Collectors capture data from Head nodes during exp(). Each Collector uses a Connector to select which nodes it observes.

Error Handling¶

Collector lifecycle methods (_start, _collect, _end_idx, _end) are wrapped in try/except. If an error occurs, it is stored in collector.warnings as a dict:

# each entry in collector.warnings:
{'method': '_collect', 'node': 'lgbm_v1', 'type': 'ValueError', 'message': '...', 'traceback': '...'}

The error is logged as a warning but does not interrupt the experiment. Check collector.warnings after exp() if results are missing.

Connector-Based Matching¶

Connector controls which nodes a Collector attaches to. All three criteria are optional — only the ones provided are checked:

from mllabs import Connector

Connector()                                  # matches all nodes
Connector(node_query='lgbm')                 # regex match on node name
Connector(node_query=['lgbm_v1', 'lgbm_v2']) # exact list match
Connector(processor=LGBMClassifier)          # processor class match
Connector(edges={'y': [(None, 'target')]})   # edges contain-based match
Connector(role='head')                       # head nodes only
Connector(role='stage')                      # stage nodes only

Multiple criteria are combined with AND logic.

MetricCollector¶

Computes a metric function against ground truth y for each fold.

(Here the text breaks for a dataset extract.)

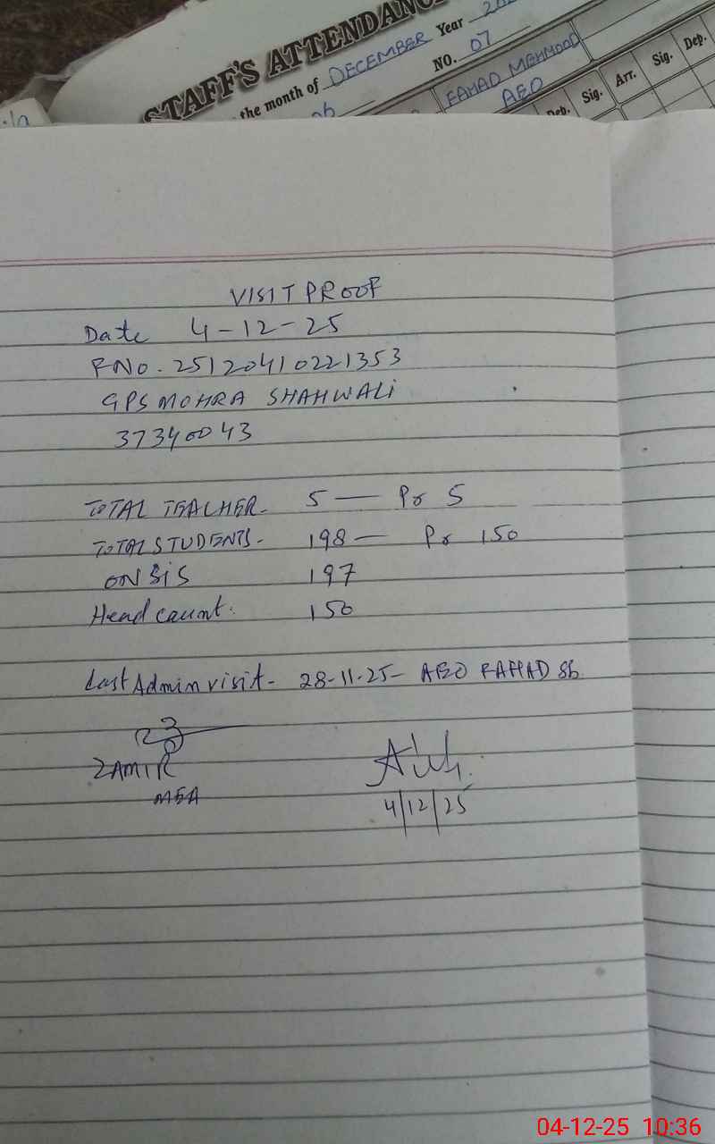 | EMIS Code: 37340043 | Name of School: GPS MOHRA SHAH WALI | |||

from mllabs.collector import MetricCollector
from sklearn.metrics import log_loss

mc = MetricCollector(
    name='metrics',
    connector=Connector(),
    output_var=None,          # None → all output columns
    metric_func=log_loss,     # func(y_true, y_pred) → scalar
    include_train=True,       # also compute on train/inner-valid folds
)
exp.add_collector(mc)

Querying results:

mc = exp.get_collector('metrics')

mc.get_metric('lgbm_v1')          # Series of per-fold metrics
mc.get_metrics(['lgbm_v1', 'lgbm_v2'])   # DataFrame

# Aggregate across folds
mean, std = mc.get_metrics_agg(
    nodes=None,         # None → all collected nodes
    inner_fold=True,    # aggregate inner folds (mean)
    outer_fold=True,    # then aggregate outer folds (mean)
    include_std=True,   # also return std DataFrame
)

StackingCollector¶

Collects out-of-fold (OOF) predictions for stacking.

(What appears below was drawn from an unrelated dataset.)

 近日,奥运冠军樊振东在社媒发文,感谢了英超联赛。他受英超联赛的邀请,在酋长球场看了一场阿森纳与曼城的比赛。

from mllabs.collector import StackingCollector

sc = StackingCollector(
    name='stacking',
    connector=Connector(edges={'y': [(None, 'target')]}),
    output_var=None,          # columns to collect from output
    experimenter=exp,         # used to build index and target
    method='mean',            # how to aggregate inner folds: 'mean', 'mode', 'simple'
)
exp.add_collector(sc)

The connector.edges 'y' entry is used to extract the target column into the dataset.

Querying results:

sc = exp.get_collector('stacking')

df = sc.get_dataset(
    nodes=None,           # None → all collected nodes
    include_target=True,  # append target column
)
# Returns a DataFrame with OOF predictions + target, indexed to match original data

ModelAttrCollector¶

Collects model attributes such as feature importances for each fold.

from mllabs.collector import ModelAttrCollector

mac = ModelAttrCollector(
    name='importance',
    connector=Connector(processor=LGBMClassifier),
    result_key='feature_importances',  # key in adapter.result_objs
    # adapter is inferred from connector.processor automatically
)
exp.add_collector(mac)

Querying results:

mac = exp.get_collector('importance')

mac.get_attr('lgbm_v1')           # raw results: list of outer folds, each a list of inner folds
mac.get_attr('lgbm_v1', idx=0)    # results for outer fold 0

# Aggregate (only for mergeable result types like feature importances)
series = mac.get_attrs_agg(
    node='lgbm_v1',
    agg_inner=True,   # mean across inner folds
    agg_outer=True,   # then mean across outer folds → returns Series
)
# agg_inner=True, agg_outer=False → returns DataFrame (one column per outer fold)
# agg_inner=False → raises ValueError

SHAPCollector¶

Computes SHAP values using a tree explainer for each fold.

from mllabs.collector import SHAPCollector
from mllabs.filter import RandomFilter

shap_c = SHAPCollector(
    name='shap',
    connector=Connector(processor=LGBMClassifier),
    explainer_cls=None,       # None → shap.TreeExplainer
    data_filter=RandomFilter(n=500, random_state=0),  # subsample for speed
)
exp.add_collector(shap_c)

data_filter is applied to both train and valid data before computing SHAP values.

Querying results:

shap_c = exp.get_collector('shap')

# Per outer fold: list of pd.Series (one per inner fold)
series_list = shap_c.get_feature_importance('lgbm_v1', idx=0)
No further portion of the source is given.